De term ‘politieke correctheid’ wordt in rechts-conservatieve en nationalistische kringen vaak gebruikt in een pejoratieve zin, vanwege de kritiek dat het om een censuurmiddel zou gaan. (mijn vet)
(Pejoratief betekent dat het negatief, als diskwalificatie, bedoeld wordt.) Zowel ik als Victor Onrust gaven al aan dat het niet alleen om vermijden van het kwetsen van minderheden gaat. Uit mijn vorige stuk:
Eveneens beoogt politieke correctheid aansluiting te zoeken bij de standpunten en de woordkeuzen die populair zijn bij de leiders van de (andere) gevestigde politieke partijen.
En Onrust schreef:
Bij politieke correctheid gaat het niet om de inhoud maar om het volgen van de mening van de leiding, van de heerser. […] “Politiek correct” is in het huidige maatschappelijke debat het etiket geworden voor de heersende politieke mening, met name waar het gaat om discriminatie-, integratie- en migratie-vraagstukken.
Toch denk ik dat we het nog breder moeten trekken. Niet alleen lagere regionen van een politieke partij worden geacht zich te conformeren aan de grenzen die de partij stelt, ook de hogere regionen dienen zich daarbinnen te bewegen, op straffe van afzetting door de lager gestelden of de kiezers.

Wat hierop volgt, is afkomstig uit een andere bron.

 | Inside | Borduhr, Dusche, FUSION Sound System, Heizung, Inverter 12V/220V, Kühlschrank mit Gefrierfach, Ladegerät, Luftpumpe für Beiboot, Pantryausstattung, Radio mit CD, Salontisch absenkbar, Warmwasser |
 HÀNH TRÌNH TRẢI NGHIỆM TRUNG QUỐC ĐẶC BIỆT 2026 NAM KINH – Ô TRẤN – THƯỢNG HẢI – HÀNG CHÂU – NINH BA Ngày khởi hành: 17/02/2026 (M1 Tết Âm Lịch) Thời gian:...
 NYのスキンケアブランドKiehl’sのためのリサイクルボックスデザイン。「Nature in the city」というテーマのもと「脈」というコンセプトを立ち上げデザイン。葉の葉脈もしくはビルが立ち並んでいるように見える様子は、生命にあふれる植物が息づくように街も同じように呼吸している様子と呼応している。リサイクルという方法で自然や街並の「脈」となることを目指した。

Binnen het Nederlandse bestel zijn vrijwel allen in vrijwel alle politieke partijen het erover eens dat er met fatsoenlijke woorden moet wordt gesproken en binnen iedere partij is iedereen het erover eens dat de partij grenzen hanteert waaraan alle partijleden zich vooral moeten houden. Tellen we beiden bij elkaar op, dan is in den lande sprake van politieke correctheid bij vrijwel alle leden van vrijwel alle politieke partijen, zou je zeggen. Toch is dat niet hoe we het ervaren. We spreken pas van politieke correctheid als het wel erg opvalt en het valt erg op als de realiteit overduidelijk in strijd is met het uitgesprokene. We vinden dan dat er om de waarheid wordt heengedraaid, omwille van de eendracht en het maar niet buiten de lijntjes treden. Het gaat dus om doorgeslagen conformisme en een gebrek aan lef om, als eerste, de realiteit te benoemen met de juiste termen.

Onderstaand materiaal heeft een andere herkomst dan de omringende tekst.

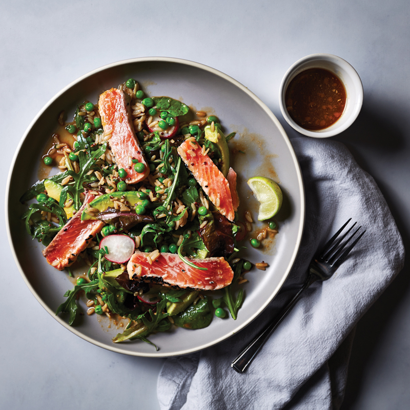If you are following this meal plan to a tee, you’ll be pleased to hear that today’s recipe recommendation is the Salmon Sashimi and Asian Pea Salad with Quinoa and Miso Dressing.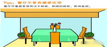 餐桌上方宜平忌壓。若上方屋頂傾斜不平或橫梁壓頂,或位于樓梯底下,均會(huì)對(duì)家人健康有損,必須設(shè)法避免. 橫梁成煞,幾乎略懂風(fēng)水的人都知道。但橫梁所壓者不同,便有不同的影響,如飯桌上方有橫梁,便做成橫梁壓飯桌了。這會(huì)妨礙人的消化能力,久而久之,便招致腸胃病了。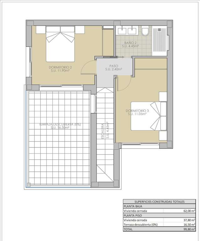 Cada villa está diseñada con una distribución contemporánea en dos plantas, con 3 dormitorios y 2 baños. La primera planta cuenta con una terraza descubierta y hay un solárium en la azotea disponible con un coste adicional.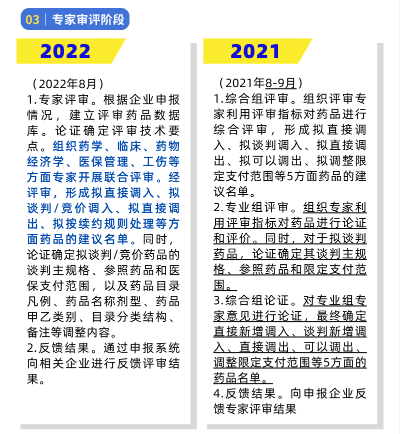 早前6月29日,国家医保局发布《2022年国家基本医疗保险、工伤保险和生育保险药品目录调整工作方案》及相关文件,标志着第五轮国家医保药品目录调整工作正式启动。其中,专家审评阶段与2021年相比,主要内容变化如下:
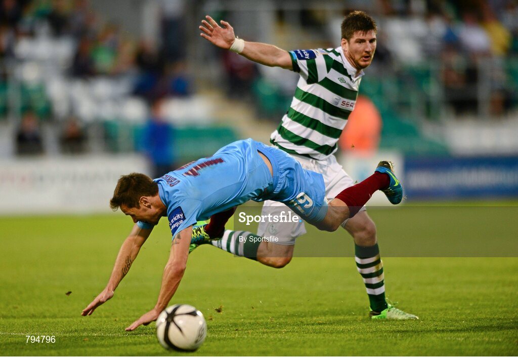 21 September 2013; Declan O'Brien, Drogheda United, is tackled by Ken Oman, Shamrock Rovers, for which Oman was given a second yellow card and sent off by referee Padraigh Sutton. EA Sports Cup Final, Shamrock Rovers v Drogheda United, Tallaght Stadium, Tallaght, Co. Dublin. Photo by Sportsfile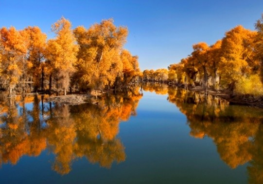 #塔里木胡楊林景區: 集塔河胡楊及沙漠景觀為一體,是世上古老、面積大、保存完整而又原始的胡楊林保護區。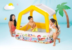 Enjoy summer in the garden with comfortable and safe bathing for the little ones. This INTEX children's pool offers a detachable canopy for shade, durable vinyl construction, and a handy drain valve. Thanks to the vibrant colors and cheerful graphics, kids will love splashing around.
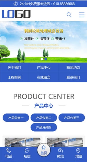 (带手机)蓝色机械设备网站模板 水泵泵业企业网站源码下载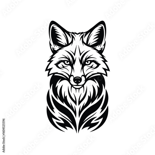 Obraz premium Stylized fox head illustration in black and white, featuring detailed fur patterns and a symmetrical design on a white background.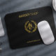 Barber shop mouse pad with faux gold scissors logo and barber script on a solid black elegant leather look background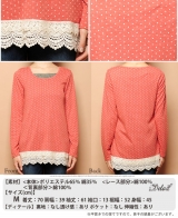 大人気ドット柄♪裾レース付き!!広めUネックトップス■モニター2名様 デイリー使いにはぴったり!! 使いやすくてスタッフ全員買っちゃいました♪ 人気ドット柄からシンプルTOPSが入荷 小ドットと裾には上品なレースで女性度満点◎ 広めUネックだからデコルテ部分を すっきり綺麗に見せてくれるのも… 2012/10/08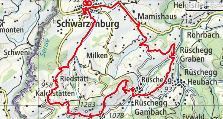 Magnifique balade en Ebike, avec des amis, dans la région du Gantrisch. Boucle depuis Schwarzenburg en passant par Mamishaus-Rüschegg-Gfell-RüscheggBach-Guggisberg-Riedstätten-Waldgasse. Visite du joli musée de Vreneli à Guggisberg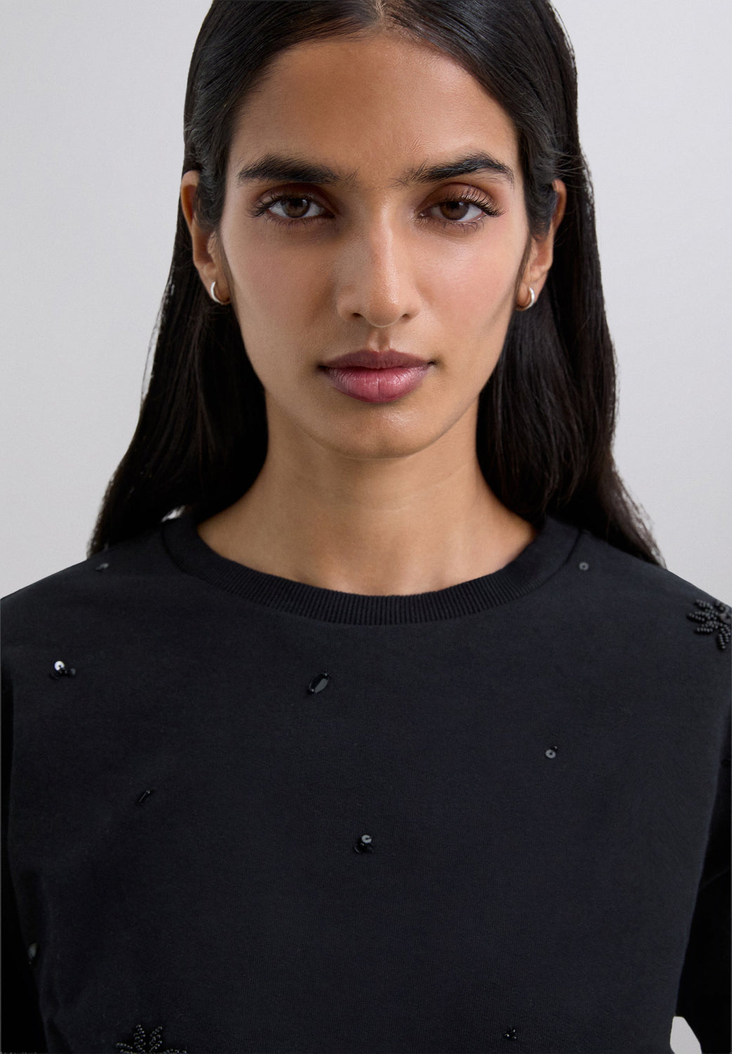 Sweatshirt aus 100% Baumwolle mit Strassstickerei. Regular Fit. Rundausschnitt und Langarm mit Patentbündchen.
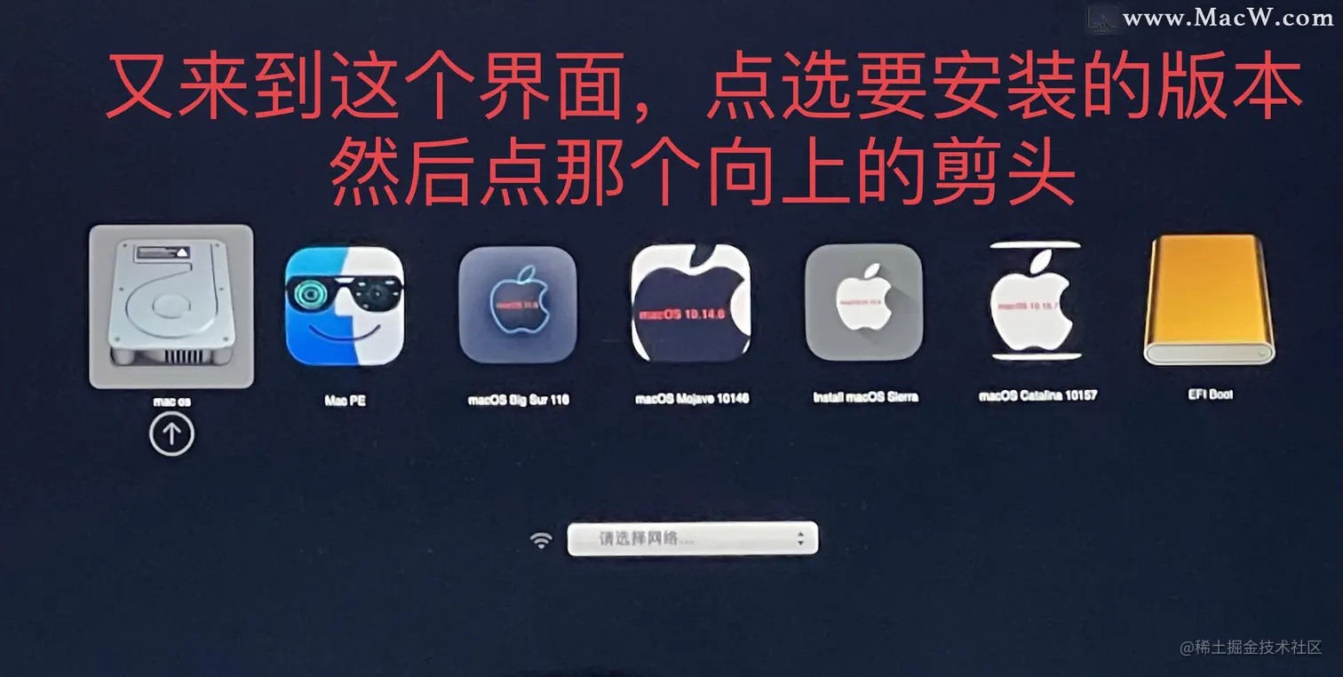选中要安装的系统版本图标,然后点击 那个向上的箭头

Conformisme was een onderwerp van me tijdens mijn studie. Belangrijk is dat het eerder gaat om een karaktereigenschap dan om aanpassing aan de situatie, al zullen mensen deze neiging sterker gaan vertonen wanneer nonconformisme gevaarlijker wordt, zoals in een nakende dictatuur. Verder is het een eigenschap die een mens in mindere of meerdere mate heeft. Sommigen zijn er van nature gewoon niet toe in staat, anderen kunnen alleen maar conformeren, maar de meesten zitten daar ergens tussenin. Ik ga niet alle conformisme veroordelen. Dat zou namelijk betekenen dat ik bepaalde mensen het recht op hun natuurlijke neiging ontzeg. Bovendien, conformistische mensen zorgen op hun wijze toch voor een stuk stabiliteit in de samenleving. Wat weleens smalend kuddegedrag wordt genoemd is niets anders dan conformisme. Het zorgt er in positieve zin voor dat we ons redelijk keurig in een stoet verplaatsen van A naar B, dat we elkaar verdragen in de bioscoop, dat we de aanwijzingen van de politie bij de gang naar de voetbalwedstrijd opvolgen, noem maar op. Kortom, als het goed is zullen we ons gedragen juist dankzij dat conformeren aan de gedragsregels en de breed gedragen normen en waarden.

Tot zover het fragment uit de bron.